The reply to the records below should contain exactly the lines from the line with "CHECK BUTTON: The" through the line with "문 전 대통령 내외를 반갑게", and nothing besides.

§ The input:
※
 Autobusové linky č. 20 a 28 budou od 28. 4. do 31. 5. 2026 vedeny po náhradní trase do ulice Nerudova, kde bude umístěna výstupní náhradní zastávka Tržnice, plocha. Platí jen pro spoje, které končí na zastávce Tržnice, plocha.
※
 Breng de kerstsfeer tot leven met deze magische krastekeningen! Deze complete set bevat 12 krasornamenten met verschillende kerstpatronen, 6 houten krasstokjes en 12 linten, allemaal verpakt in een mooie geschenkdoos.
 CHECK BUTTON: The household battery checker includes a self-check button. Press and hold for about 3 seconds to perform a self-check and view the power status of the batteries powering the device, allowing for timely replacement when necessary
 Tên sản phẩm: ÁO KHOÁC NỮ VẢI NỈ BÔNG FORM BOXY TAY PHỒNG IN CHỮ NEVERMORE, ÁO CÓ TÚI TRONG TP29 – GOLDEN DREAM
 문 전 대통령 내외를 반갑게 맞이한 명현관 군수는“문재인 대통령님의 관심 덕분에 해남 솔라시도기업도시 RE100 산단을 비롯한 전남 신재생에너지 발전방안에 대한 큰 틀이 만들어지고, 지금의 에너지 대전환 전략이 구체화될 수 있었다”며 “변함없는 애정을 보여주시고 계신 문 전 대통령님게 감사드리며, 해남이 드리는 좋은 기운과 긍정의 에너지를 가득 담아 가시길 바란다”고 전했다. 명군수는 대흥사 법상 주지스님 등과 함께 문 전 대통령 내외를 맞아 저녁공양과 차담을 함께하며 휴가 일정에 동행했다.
※
§ Exercise answer:
 CHECK BUTTON: The household battery checker includes a self-check button. Press and hold for about 3 seconds to perform a self-check and view the power status of the batteries powering the device, allowing for timely replacement when necessary
 Tên sản phẩm: ÁO KHOÁC NỮ VẢI NỈ BÔNG FORM BOXY TAY PHỒNG IN CHỮ NEVERMORE, ÁO CÓ TÚI TRONG TP29 – GOLDEN DREAM
 문 전 대통령 내외를 반갑게 맞이한 명현관 군수는“문재인 대통령님의 관심 덕분에 해남 솔라시도기업도시 RE100 산단을 비롯한 전남 신재생에너지 발전방안에 대한 큰 틀이 만들어지고, 지금의 에너지 대전환 전략이 구체화될 수 있었다”며 “변함없는 애정을 보여주시고 계신 문 전 대통령님게 감사드리며, 해남이 드리는 좋은 기운과 긍정의 에너지를 가득 담아 가시길 바란다”고 전했다. 명군수는 대흥사 법상 주지스님 등과 함께 문 전 대통령 내외를 맞아 저녁공양과 차담을 함께하며 휴가 일정에 동행했다.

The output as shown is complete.